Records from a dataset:
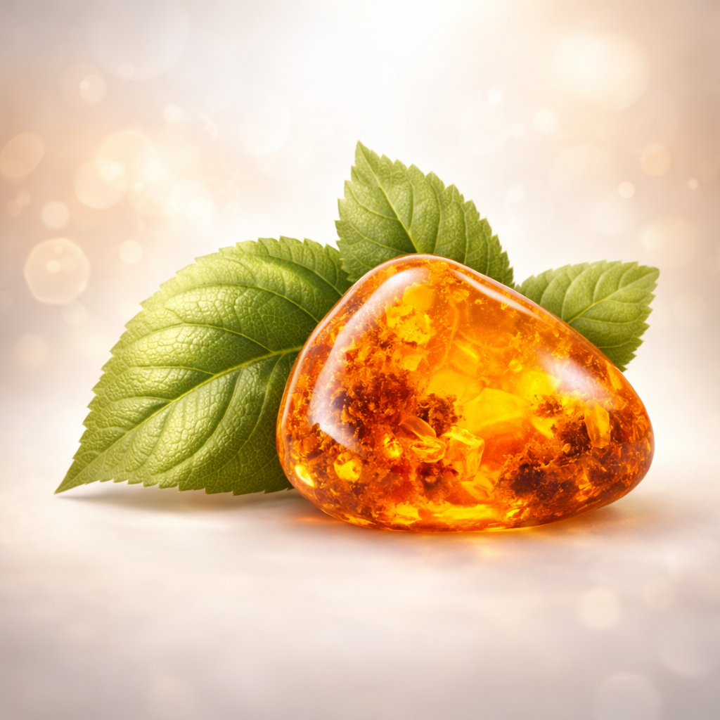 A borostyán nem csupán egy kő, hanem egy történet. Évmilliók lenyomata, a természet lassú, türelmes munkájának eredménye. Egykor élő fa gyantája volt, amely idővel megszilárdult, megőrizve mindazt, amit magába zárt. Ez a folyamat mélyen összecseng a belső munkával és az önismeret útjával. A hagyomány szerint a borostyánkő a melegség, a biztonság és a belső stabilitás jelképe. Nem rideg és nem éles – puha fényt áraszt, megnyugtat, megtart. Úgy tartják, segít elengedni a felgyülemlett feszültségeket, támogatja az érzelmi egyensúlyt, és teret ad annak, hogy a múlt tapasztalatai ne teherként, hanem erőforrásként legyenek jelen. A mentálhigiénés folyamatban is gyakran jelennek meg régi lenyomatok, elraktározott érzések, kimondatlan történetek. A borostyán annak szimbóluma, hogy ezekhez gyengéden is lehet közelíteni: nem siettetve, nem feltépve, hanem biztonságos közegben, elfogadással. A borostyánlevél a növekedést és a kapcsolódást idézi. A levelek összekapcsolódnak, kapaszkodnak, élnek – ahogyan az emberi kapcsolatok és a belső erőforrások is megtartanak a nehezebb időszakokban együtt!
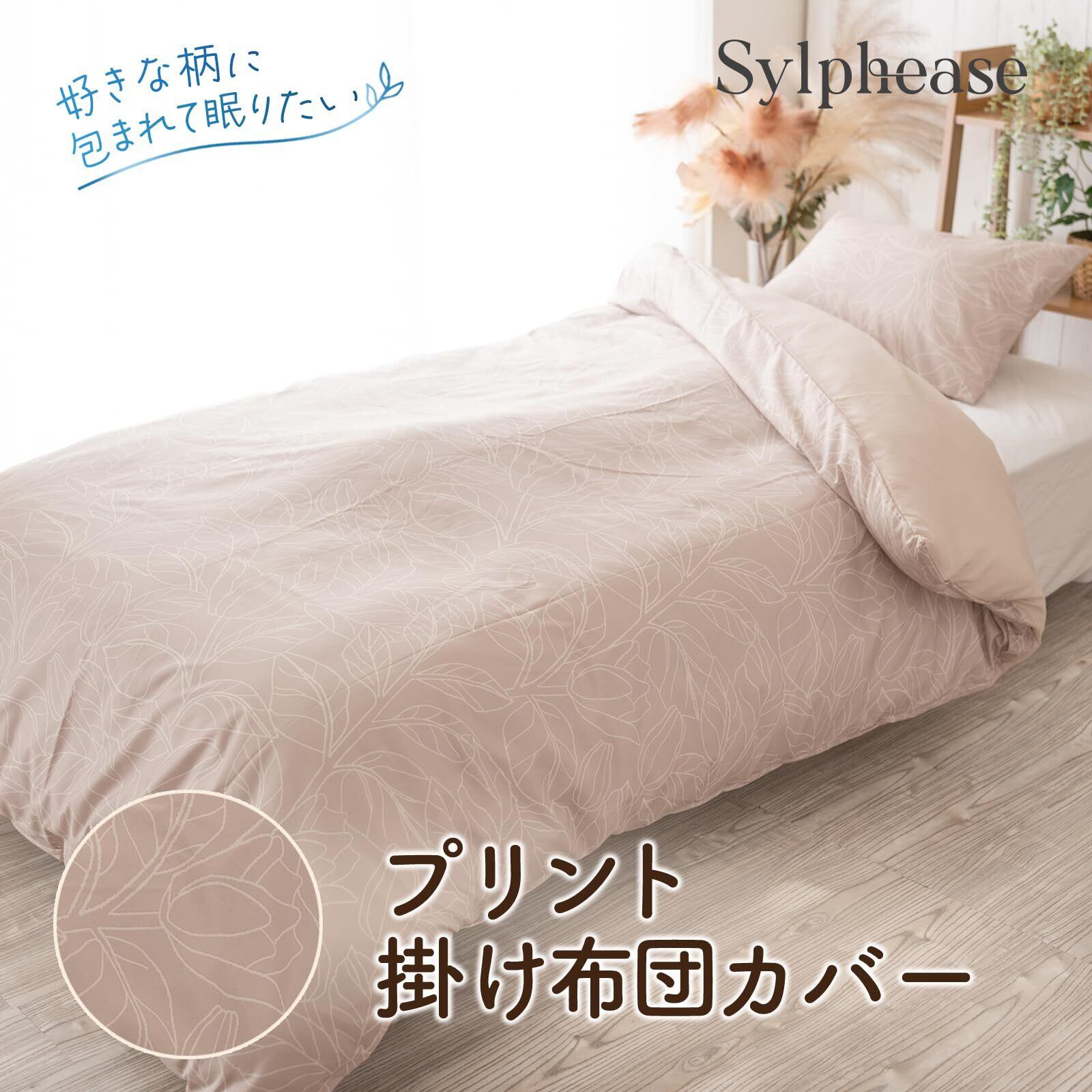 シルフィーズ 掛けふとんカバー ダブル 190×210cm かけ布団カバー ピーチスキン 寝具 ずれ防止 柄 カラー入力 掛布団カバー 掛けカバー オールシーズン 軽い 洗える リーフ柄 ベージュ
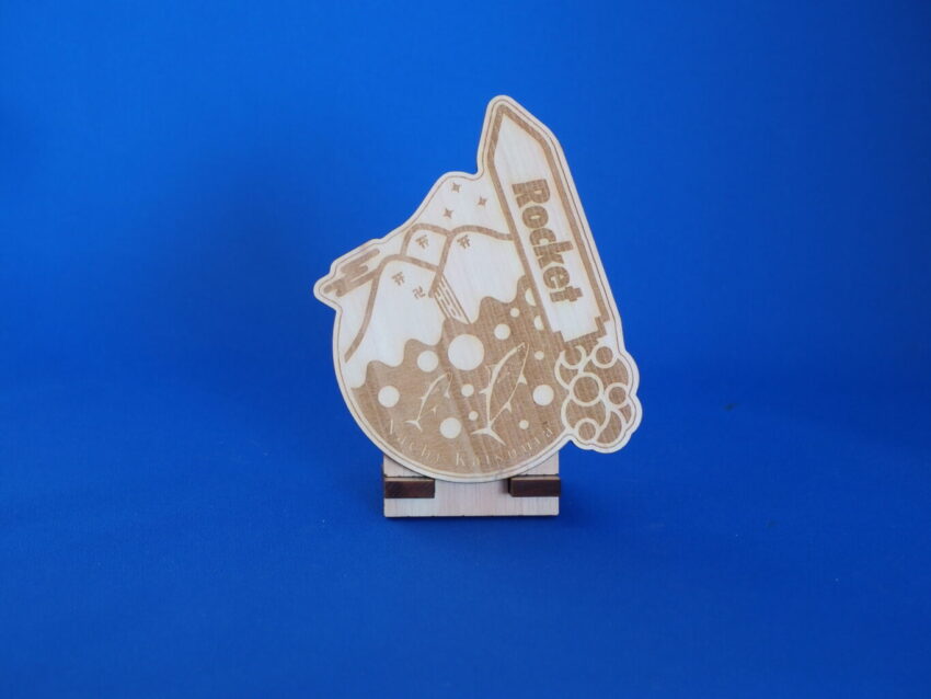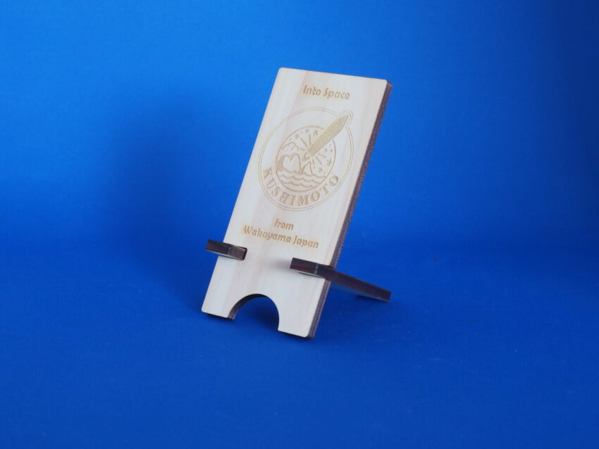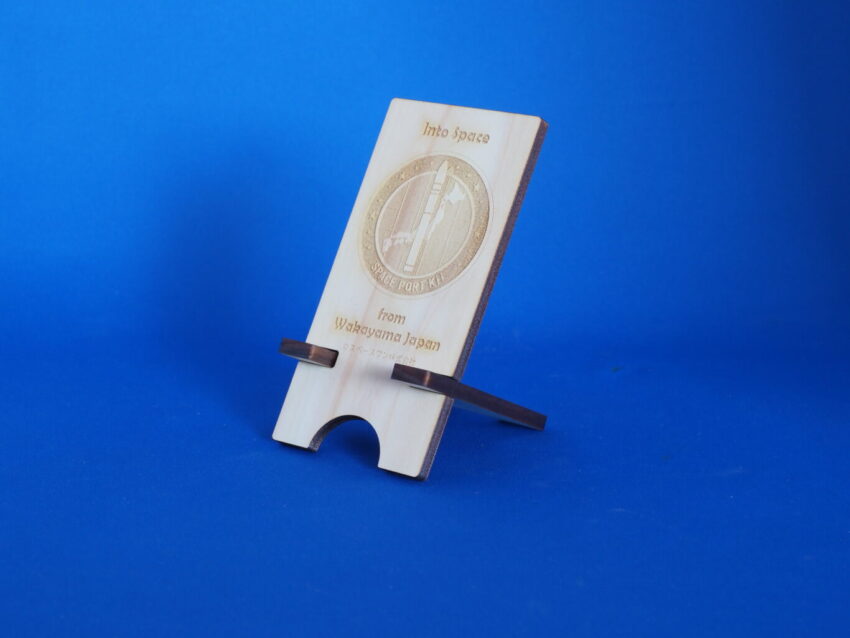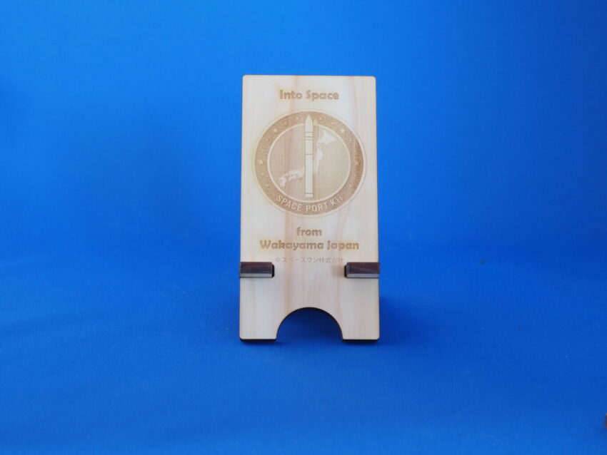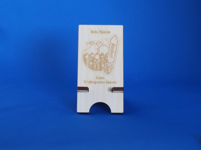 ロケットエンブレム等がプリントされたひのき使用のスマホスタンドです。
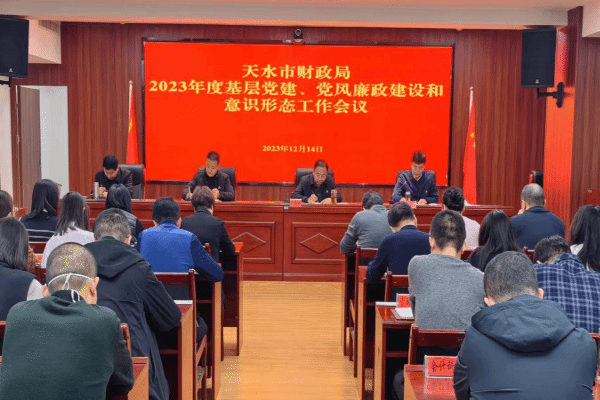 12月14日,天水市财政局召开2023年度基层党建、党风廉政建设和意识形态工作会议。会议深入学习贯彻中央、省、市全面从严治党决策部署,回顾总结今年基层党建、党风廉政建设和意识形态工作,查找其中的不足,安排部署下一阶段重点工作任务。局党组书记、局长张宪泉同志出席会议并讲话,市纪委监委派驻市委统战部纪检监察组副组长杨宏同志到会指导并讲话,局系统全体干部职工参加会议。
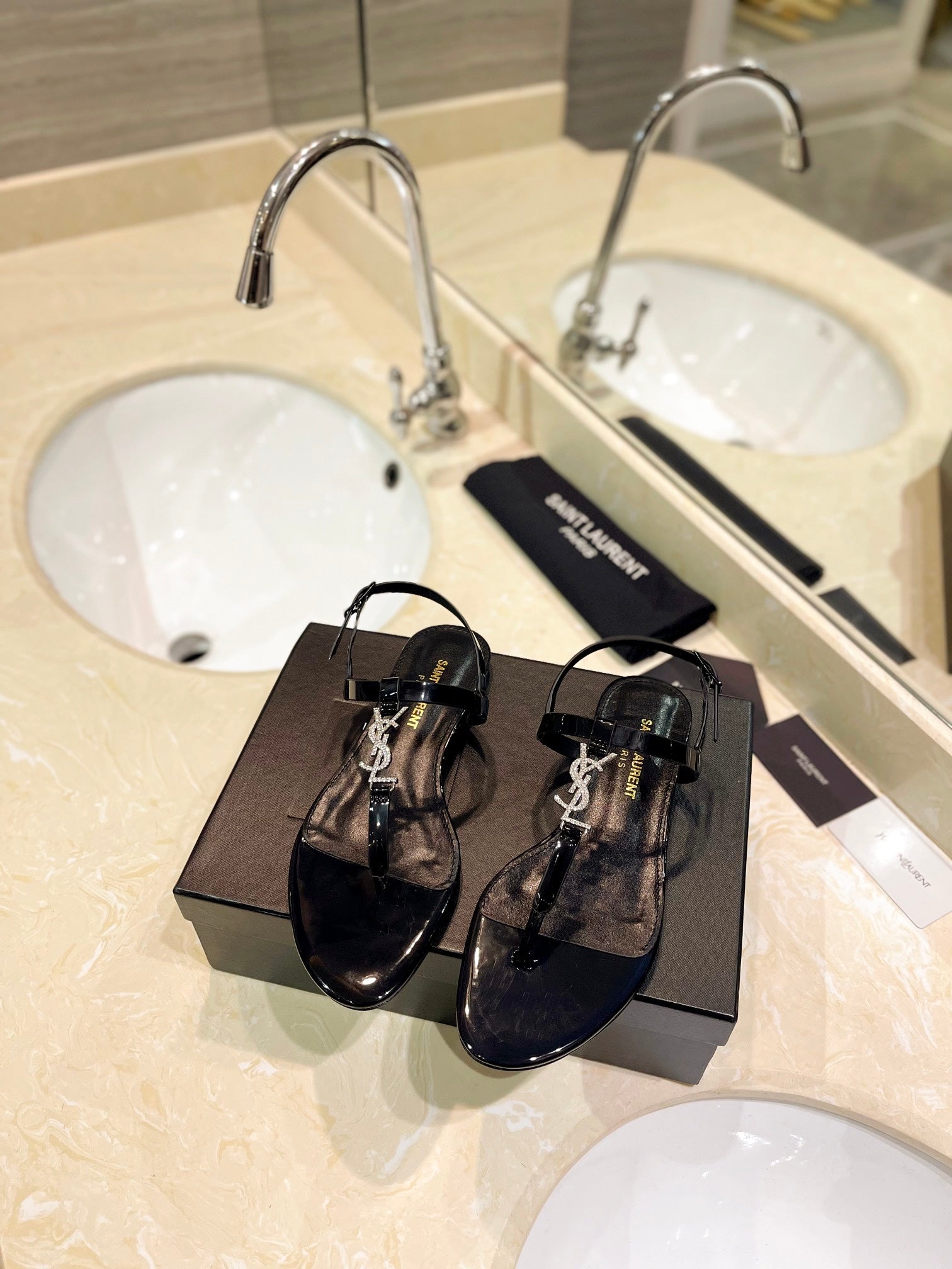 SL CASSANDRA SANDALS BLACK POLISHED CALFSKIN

### Activity
Would you retype the lines from the line containing "12月14日,天水市财政局召" to the final line of the entries above, exactly as given and without pictures?

### Task answer
 12月14日,天水市财政局召开2023年度基层党建、党风廉政建设和意识形态工作会议。会议深入学习贯彻中央、省、市全面从严治党决策部署,回顾总结今年基层党建、党风廉政建设和意识形态工作,查找其中的不足,安排部署下一阶段重点工作任务。局党组书记、局长张宪泉同志出席会议并讲话,市纪委监委派驻市委统战部纪检监察组副组长杨宏同志到会指导并讲话,局系统全体干部职工参加会议。
 SL CASSANDRA SANDALS BLACK POLISHED CALFSKIN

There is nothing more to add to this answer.